# Stored data
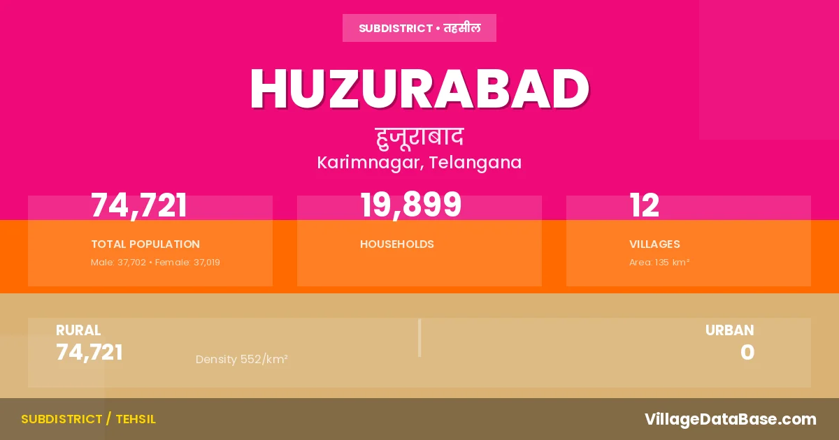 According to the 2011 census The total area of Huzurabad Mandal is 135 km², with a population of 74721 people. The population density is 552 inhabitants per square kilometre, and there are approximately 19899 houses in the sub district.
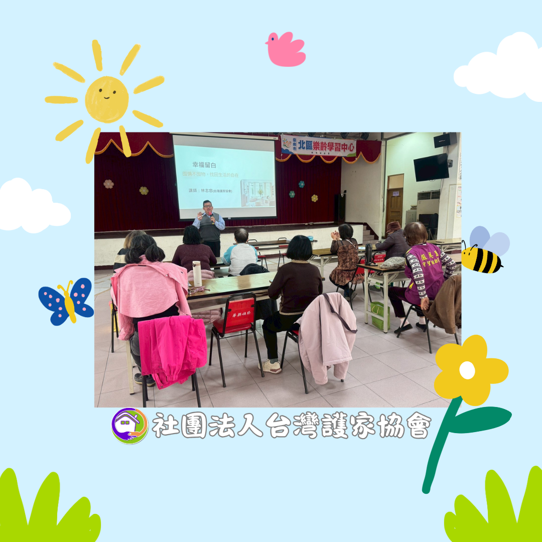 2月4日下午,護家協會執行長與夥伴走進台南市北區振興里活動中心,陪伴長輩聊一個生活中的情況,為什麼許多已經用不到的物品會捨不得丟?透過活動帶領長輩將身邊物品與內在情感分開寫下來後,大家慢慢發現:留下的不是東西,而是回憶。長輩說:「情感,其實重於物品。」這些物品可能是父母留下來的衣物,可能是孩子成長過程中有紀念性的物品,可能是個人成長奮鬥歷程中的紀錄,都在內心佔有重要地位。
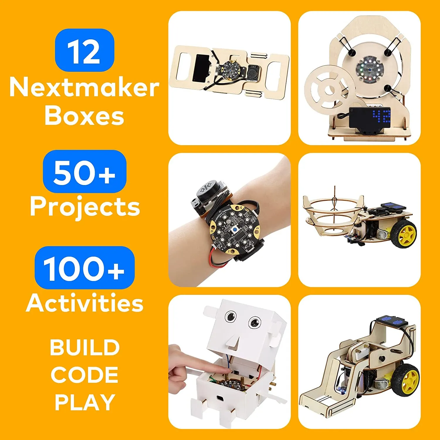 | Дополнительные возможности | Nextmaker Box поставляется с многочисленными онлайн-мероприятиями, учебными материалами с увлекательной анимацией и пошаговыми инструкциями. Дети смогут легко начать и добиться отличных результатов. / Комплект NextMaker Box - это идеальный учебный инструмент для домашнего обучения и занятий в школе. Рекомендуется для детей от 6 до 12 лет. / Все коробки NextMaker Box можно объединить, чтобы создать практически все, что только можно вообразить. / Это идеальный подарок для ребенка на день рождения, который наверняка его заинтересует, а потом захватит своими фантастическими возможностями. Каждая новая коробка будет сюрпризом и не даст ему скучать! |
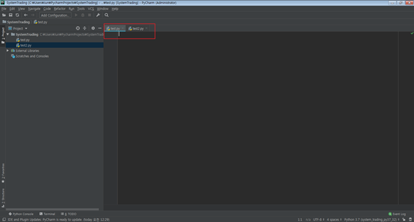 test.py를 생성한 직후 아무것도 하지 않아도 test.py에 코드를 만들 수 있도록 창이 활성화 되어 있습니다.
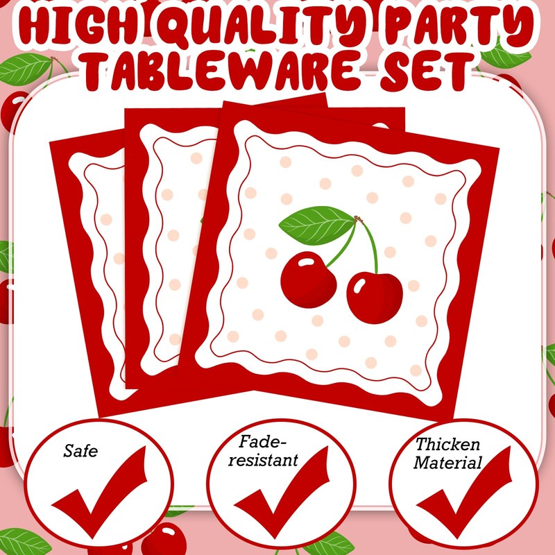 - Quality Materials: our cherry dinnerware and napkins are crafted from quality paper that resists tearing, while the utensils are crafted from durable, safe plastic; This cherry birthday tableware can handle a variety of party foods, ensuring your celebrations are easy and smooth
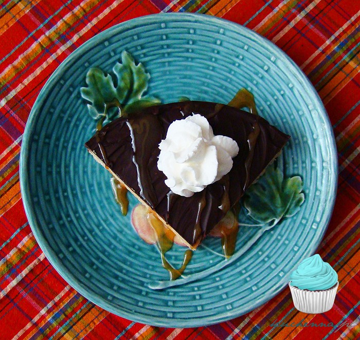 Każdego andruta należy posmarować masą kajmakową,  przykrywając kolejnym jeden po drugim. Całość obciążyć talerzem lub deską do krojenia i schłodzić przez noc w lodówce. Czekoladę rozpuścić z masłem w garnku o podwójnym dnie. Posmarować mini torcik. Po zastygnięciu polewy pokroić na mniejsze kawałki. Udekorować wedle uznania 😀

# Your instructions
An exact copy is required of the lines from the start of the records above through the line with "test.py를 생성한 직후", and only those, without any pictures.

# Exercise response
 According to the 2011 census The total area of Huzurabad Mandal is 135 km², with a population of 74721 people. The population density is 552 inhabitants per square kilometre, and there are approximately 19899 houses in the sub district.
 2月4日下午,護家協會執行長與夥伴走進台南市北區振興里活動中心,陪伴長輩聊一個生活中的情況,為什麼許多已經用不到的物品會捨不得丟?透過活動帶領長輩將身邊物品與內在情感分開寫下來後,大家慢慢發現:留下的不是東西,而是回憶。長輩說:「情感,其實重於物品。」這些物品可能是父母留下來的衣物,可能是孩子成長過程中有紀念性的物品,可能是個人成長奮鬥歷程中的紀錄,都在內心佔有重要地位。
 | Дополнительные возможности | Nextmaker Box поставляется с многочисленными онлайн-мероприятиями, учебными материалами с увлекательной анимацией и пошаговыми инструкциями. Дети смогут легко начать и добиться отличных результатов. / Комплект NextMaker Box - это идеальный учебный инструмент для домашнего обучения и занятий в школе. Рекомендуется для детей от 6 до 12 лет. / Все коробки NextMaker Box можно объединить, чтобы создать практически все, что только можно вообразить. / Это идеальный подарок для ребенка на день рождения, который наверняка его заинтересует, а потом захватит своими фантастическими возможностями. Каждая новая коробка будет сюрпризом и не даст ему скучать! |
 test.py를 생성한 직후 아무것도 하지 않아도 test.py에 코드를 만들 수 있도록 창이 활성화 되어 있습니다.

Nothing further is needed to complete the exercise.